IPv6 Maintenance                                               J. Massar
Internet-Draft                                         Massar Networking
Updates: 6437 (if approved)                            November 13, 2014
Intended status: Standards Track
Expires: May 17, 2015


                           The IPv6 MTU Label
                    draft-massar-v6man-mtu-label-02

Abstract

   This document redefines the use of the IPv6 Flow Label field to allow
   specification of the lowest MTU on a path that the packet travels,
   thus in most cases avoiding the need for performing Path MTU
   Discovery and the round-trip penalty that that occurs for processing
   the ICMPv6 PTB and retransmitting the packets involved.

   This specification allows graceful decrease of MTU so that large and
   non-standard MTU sizes can safely be used on the Internet.

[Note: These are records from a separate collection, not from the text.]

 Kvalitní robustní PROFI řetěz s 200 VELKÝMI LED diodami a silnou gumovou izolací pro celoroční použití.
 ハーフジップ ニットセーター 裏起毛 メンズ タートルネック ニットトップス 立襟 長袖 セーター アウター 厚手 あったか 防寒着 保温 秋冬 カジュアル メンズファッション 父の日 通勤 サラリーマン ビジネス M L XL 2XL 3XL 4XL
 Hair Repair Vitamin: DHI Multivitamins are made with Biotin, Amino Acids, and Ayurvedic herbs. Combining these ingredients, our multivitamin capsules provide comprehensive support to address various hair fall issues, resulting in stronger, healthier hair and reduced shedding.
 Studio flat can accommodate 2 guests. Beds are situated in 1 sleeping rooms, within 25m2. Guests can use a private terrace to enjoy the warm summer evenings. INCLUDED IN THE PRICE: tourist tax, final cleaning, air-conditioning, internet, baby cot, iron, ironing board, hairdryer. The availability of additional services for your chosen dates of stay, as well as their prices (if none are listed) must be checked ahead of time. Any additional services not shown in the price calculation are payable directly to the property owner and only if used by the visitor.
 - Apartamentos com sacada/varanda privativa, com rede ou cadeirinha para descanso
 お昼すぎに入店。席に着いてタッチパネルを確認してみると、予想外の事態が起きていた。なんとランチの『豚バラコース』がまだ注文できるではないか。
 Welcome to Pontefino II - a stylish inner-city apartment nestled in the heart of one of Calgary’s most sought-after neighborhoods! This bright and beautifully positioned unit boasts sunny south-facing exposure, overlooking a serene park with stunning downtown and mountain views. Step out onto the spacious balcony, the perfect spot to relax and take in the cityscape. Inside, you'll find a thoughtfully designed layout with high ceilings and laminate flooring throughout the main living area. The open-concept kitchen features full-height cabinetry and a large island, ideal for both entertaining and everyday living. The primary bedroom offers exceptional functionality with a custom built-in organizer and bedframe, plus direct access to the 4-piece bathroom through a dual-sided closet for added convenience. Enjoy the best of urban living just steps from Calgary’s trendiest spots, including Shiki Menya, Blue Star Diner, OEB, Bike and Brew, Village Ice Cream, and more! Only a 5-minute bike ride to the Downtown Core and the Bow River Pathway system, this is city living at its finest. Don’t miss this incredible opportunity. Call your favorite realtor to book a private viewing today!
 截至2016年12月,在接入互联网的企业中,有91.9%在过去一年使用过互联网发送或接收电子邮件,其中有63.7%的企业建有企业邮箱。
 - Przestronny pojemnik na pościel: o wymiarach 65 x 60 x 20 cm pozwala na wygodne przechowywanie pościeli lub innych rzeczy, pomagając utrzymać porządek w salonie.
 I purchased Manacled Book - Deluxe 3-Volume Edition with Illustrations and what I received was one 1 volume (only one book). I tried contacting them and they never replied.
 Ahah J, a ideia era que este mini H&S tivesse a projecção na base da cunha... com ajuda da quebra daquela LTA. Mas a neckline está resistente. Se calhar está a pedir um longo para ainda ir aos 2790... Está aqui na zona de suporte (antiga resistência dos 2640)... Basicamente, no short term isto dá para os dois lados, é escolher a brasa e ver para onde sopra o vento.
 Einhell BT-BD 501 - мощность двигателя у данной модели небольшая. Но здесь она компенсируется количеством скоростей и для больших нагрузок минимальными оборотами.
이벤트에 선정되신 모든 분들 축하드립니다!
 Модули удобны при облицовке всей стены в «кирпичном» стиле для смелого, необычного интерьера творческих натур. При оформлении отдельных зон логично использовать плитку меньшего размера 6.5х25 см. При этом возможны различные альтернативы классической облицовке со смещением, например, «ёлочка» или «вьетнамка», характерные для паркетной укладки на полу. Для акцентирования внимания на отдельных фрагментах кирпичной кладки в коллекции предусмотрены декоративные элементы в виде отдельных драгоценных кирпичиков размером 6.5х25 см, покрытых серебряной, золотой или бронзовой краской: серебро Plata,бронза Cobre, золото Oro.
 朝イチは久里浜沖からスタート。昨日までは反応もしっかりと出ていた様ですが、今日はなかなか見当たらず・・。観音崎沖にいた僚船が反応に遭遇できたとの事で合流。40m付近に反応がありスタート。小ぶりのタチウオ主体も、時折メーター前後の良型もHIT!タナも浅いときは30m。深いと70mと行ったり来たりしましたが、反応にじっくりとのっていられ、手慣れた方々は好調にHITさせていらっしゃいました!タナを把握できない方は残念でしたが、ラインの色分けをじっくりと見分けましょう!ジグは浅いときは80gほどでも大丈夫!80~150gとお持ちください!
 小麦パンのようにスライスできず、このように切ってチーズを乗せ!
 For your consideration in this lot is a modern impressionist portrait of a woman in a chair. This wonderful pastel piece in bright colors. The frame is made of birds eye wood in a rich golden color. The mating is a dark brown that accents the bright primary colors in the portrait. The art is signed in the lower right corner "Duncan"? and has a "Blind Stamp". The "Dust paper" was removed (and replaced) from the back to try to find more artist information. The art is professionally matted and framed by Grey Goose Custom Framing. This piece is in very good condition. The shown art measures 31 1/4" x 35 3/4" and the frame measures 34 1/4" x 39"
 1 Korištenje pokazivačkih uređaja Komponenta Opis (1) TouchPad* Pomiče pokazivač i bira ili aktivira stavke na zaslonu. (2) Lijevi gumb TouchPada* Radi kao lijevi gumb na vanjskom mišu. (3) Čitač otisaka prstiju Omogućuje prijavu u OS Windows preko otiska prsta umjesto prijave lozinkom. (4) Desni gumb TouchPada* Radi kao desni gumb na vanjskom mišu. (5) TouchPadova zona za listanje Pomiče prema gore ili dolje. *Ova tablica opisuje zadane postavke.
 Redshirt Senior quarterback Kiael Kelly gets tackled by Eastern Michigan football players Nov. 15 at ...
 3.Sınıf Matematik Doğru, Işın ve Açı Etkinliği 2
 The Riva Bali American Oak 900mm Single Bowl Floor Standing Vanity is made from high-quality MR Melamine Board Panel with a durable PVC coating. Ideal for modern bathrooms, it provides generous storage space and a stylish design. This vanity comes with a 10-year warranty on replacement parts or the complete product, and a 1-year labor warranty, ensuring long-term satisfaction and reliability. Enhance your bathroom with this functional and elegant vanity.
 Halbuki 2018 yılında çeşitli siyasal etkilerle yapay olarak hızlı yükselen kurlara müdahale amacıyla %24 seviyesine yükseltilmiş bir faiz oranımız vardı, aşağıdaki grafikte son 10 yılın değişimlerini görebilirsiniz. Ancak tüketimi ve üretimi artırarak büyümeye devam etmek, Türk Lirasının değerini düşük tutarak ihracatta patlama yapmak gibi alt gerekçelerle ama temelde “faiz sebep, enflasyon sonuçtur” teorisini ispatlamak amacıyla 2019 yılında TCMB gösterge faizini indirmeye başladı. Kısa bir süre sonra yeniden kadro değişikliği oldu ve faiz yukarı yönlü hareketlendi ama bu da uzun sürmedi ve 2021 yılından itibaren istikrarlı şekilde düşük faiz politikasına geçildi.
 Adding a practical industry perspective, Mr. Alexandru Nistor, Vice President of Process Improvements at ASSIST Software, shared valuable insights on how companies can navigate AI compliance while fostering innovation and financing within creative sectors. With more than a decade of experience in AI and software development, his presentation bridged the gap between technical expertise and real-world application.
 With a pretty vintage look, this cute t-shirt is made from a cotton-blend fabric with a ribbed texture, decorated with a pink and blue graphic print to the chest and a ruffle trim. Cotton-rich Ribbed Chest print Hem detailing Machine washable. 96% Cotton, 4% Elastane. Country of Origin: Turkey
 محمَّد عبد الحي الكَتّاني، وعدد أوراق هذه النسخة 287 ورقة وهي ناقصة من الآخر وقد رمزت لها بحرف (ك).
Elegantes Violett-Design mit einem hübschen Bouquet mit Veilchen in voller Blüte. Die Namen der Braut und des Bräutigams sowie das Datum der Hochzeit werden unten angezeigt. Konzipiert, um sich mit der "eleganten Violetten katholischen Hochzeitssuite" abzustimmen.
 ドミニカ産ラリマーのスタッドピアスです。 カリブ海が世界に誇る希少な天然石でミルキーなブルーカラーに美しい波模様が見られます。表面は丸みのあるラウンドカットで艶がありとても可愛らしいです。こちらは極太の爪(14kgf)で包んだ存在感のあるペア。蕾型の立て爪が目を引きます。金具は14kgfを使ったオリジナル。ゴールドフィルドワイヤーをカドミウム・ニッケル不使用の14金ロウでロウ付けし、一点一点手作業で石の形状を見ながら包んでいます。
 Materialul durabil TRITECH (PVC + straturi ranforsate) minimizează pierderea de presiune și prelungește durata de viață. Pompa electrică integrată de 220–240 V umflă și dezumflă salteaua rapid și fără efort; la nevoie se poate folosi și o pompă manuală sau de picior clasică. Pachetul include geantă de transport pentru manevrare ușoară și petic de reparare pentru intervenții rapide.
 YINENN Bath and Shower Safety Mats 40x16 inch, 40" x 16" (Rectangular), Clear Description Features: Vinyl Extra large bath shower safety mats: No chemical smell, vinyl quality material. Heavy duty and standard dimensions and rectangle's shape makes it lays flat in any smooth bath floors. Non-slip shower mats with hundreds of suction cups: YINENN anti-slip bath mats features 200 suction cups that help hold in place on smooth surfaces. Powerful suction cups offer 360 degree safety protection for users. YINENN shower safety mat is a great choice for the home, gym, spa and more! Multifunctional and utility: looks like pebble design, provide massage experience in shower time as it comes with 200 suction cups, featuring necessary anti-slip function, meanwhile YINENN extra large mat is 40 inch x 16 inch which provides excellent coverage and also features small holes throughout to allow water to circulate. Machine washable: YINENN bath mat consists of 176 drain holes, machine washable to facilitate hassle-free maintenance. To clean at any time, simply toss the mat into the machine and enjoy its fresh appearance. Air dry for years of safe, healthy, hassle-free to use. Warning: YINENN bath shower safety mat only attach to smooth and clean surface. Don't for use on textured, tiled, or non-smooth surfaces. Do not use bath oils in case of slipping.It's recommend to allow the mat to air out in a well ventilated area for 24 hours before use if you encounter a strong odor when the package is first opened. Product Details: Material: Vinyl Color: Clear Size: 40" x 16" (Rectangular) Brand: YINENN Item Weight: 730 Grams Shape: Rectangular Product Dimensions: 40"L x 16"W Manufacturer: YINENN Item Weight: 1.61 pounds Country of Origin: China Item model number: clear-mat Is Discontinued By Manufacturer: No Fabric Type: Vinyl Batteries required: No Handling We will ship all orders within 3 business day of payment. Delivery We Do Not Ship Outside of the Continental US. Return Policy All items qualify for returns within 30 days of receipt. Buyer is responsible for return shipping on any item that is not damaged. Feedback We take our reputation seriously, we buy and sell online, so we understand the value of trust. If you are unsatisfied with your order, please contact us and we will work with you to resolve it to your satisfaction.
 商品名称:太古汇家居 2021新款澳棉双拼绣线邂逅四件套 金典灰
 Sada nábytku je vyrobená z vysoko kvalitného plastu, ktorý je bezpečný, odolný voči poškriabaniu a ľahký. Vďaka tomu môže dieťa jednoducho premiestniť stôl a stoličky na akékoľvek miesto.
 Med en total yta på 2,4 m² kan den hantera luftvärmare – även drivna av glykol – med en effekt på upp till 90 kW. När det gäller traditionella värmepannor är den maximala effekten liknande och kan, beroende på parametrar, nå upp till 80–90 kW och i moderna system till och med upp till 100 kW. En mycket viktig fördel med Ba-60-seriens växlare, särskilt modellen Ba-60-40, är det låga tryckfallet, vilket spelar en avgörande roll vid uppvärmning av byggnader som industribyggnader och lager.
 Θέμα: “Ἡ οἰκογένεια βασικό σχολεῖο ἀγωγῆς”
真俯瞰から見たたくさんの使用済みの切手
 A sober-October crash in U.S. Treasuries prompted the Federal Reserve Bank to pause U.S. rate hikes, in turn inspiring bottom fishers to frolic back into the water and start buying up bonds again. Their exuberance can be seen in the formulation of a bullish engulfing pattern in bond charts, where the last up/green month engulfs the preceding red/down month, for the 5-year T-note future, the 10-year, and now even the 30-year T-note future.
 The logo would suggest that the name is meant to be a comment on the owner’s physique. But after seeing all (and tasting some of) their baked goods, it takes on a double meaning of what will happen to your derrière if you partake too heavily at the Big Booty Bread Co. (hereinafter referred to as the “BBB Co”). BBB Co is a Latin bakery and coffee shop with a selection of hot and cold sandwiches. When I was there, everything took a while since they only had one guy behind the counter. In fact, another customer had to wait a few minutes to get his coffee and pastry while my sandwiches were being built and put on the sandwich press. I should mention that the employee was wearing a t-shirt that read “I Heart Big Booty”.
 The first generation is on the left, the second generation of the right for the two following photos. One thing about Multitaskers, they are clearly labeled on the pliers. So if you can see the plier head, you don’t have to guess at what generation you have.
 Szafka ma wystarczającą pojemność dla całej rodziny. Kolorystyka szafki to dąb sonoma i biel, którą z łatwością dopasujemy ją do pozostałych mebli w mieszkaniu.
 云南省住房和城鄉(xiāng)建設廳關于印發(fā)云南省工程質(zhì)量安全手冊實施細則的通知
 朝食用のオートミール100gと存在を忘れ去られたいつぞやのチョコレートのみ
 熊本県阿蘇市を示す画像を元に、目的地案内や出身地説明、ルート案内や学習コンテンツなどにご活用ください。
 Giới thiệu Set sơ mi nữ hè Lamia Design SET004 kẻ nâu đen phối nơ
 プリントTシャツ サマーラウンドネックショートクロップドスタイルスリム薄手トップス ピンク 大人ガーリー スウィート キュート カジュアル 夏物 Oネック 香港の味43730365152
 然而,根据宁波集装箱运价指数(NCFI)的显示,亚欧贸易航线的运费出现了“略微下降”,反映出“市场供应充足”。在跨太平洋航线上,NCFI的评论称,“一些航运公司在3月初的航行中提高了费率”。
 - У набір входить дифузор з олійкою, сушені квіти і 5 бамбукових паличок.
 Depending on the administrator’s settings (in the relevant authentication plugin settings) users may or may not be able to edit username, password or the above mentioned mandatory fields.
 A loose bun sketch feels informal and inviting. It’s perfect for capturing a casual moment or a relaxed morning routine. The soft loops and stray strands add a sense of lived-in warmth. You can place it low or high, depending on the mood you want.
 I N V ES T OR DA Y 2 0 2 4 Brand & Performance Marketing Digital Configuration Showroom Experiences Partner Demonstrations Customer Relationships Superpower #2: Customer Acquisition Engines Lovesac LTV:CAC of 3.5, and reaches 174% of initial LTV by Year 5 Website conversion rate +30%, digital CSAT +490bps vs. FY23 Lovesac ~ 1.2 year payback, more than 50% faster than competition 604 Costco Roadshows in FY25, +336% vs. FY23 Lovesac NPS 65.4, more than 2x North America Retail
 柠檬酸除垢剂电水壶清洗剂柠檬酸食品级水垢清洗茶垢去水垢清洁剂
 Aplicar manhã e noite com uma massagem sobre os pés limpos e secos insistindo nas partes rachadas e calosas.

   [[A1: Obsoleting the IPv6 Flow Label and replacing it completely with
   this field might be a better option than keeping it defined as an
   IPv6 Flow Label field and allowing existing flows to exist.  --JM]]
   [[A2: A better name than "IPv6 MTU Label" is requested as it is not
   really a "Label".  --JM]]

Status of This Memo

   This Internet-Draft is submitted in full conformance with the
   provisions of BCP 78 and BCP 79.

   Internet-Drafts are working documents of the Internet Engineering
   Task Force (IETF).  Note that other groups may also distribute
   working documents as Internet-Drafts.  The list of current Internet-
   Drafts is at http://datatracker.ietf.org/drafts/current/.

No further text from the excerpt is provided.